A: There is a paper of Solomon Feferman from 1969 in which he proposes a conservative extension of ZFC adequate for formulating much of category theory.  Since the need for universes in algebraic geometry seems to arise mainly via the use of category theory, I conjecture that Feferman's approach may be useful in algebraic geometry.  The paper in question is "Set-theoretical foundations of category theory" (in "Reports of the Midwest Category Seminar III", Springer Lecture Notes in Math 106, edited by Saunders Mac Lane, pages 201-247).  Feferman proposes to add to the language of ZFC a new constant symbol $\kappa$ and to add to the axioms the schema saying that $V_\kappa$ is an elementary submodel of the universe $V$ of all sets, with respect to the original language of ZFC.  That is, for each formula $\phi(x_1,\dots,x_n)$ in the original language (i.e., not involving $\kappa$), there is an axiom saying that, for each $x_1,\dots,x_n\in V_\kappa$, the statement $\phi(x_1,\dots,x_n)$ is equivalent to the same statement with all quantified variables restricted to range over $V_\kappa$.  The idea is that this $V_\kappa$ can play the role of a Grothendieck universe, even though it isn't really one.  Furthermore, in situations where one would expect to use two or more universes, one can often get by with one, by a judicious use of the "elementary submodel" axioms.  
Note that one cannot express the notion of "elementary submodel of the universe" as a single formula, since there is no uniform way to express "truth in the universe" (Tarski's theorem).  But one can express it one formula at a time, as an infinite axiom scheme, since there's no problem expressing truth of a single formula $\phi$ (just say $\phi$).  And this is what Feferman does.
Feferman's axiom system is conservative over ZFC.  That is, if you can prove, in Feferman's system, a sentence that doesn't involve $\kappa$, then you can prove the same sentence in ZFC.  (This follows from Levy's reflection principle plus the compactness theorem of first-order logic.)

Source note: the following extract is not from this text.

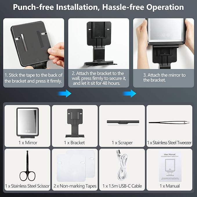 - Easy to Install: The shower shaving mirror package contains 2 pieces of Non-marking power tape, stick the double sided tape on the wall and the bracket respectively, and then hang the mirror on the bracket. The IP66 waterproof ensures that the mirror will not take on water when shower and will still work when splashed with water.

Many years ago, I taught a category theory course, using Feferman's axioms as the foundation.  For the most part, this foundation worked well, but, if I remember correctly, I ran into a problem proving the existence of Kan extensions.  I don't remember what I did to overcome the problem (nor do I even remember exactly what the problem was).  
I believe Feferman has done additional work improving this foundational system, but I have not yet absorbed that work.